● **INFORMATION SHOWN**:
--- START ---

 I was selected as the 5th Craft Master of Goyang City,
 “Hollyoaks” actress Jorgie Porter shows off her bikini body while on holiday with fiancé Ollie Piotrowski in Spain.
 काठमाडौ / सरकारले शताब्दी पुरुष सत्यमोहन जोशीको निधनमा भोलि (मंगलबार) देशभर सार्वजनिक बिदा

--- END ---
--- START ---

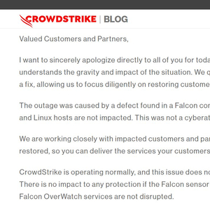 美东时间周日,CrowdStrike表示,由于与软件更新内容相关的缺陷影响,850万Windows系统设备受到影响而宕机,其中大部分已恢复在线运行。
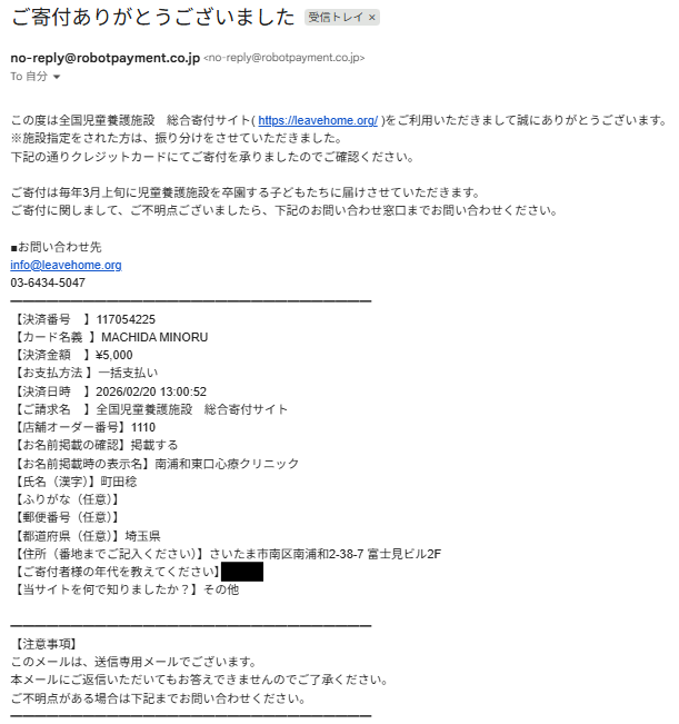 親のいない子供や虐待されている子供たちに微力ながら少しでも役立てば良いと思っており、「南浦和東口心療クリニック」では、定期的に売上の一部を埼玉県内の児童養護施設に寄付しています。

--- END ---

● **DESCRIPTION OF THE TASK**:
Taking the entries above, write out exactly the lines starting with the line containing "I was selected" and going on through the line containing "काठमाडौ / सरकारले", both included, and nothing else.

● **PROBLEM SOLUTION**:
 I was selected as the 5th Craft Master of Goyang City,
 “Hollyoaks” actress Jorgie Porter shows off her bikini body while on holiday with fiancé Ollie Piotrowski in Spain.
 काठमाडौ / सरकारले शताब्दी पुरुष सत्यमोहन जोशीको निधनमा भोलि (मंगलबार) देशभर सार्वजनिक बिदा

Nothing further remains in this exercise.